- PROMPT: Below are lines of records; copy exactly those from the one containing "A detailed view" through the one containing "GranFest QUARZ Мойка", leaving the pictures behind.

- AVAILABLE RECORDS:
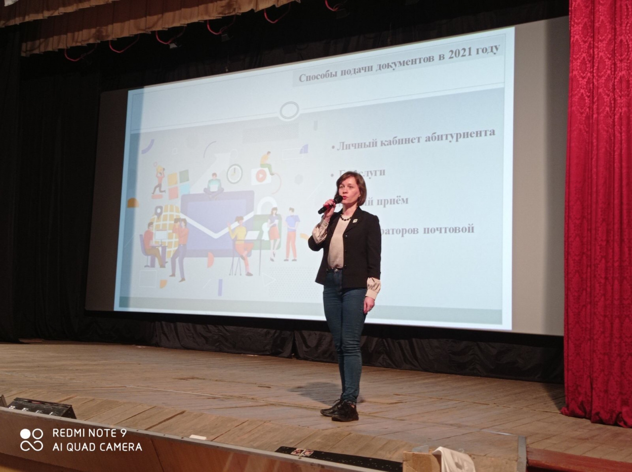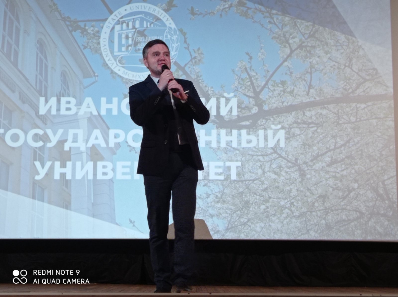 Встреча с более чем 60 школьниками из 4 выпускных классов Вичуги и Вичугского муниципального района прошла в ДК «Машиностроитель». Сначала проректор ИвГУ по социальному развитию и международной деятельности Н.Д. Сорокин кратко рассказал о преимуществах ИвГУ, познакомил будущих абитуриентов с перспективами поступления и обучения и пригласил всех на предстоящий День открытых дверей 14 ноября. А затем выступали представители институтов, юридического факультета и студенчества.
...
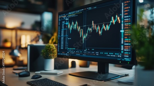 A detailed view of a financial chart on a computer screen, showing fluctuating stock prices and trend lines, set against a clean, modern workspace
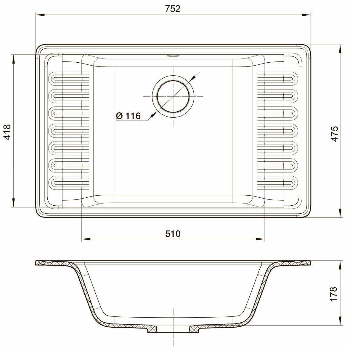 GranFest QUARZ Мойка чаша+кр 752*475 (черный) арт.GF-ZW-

- YOUR RESPONSE:
 A detailed view of a financial chart on a computer screen, showing fluctuating stock prices and trend lines, set against a clean, modern workspace
 GranFest QUARZ Мойка чаша+кр 752*475 (черный) арт.GF-ZW-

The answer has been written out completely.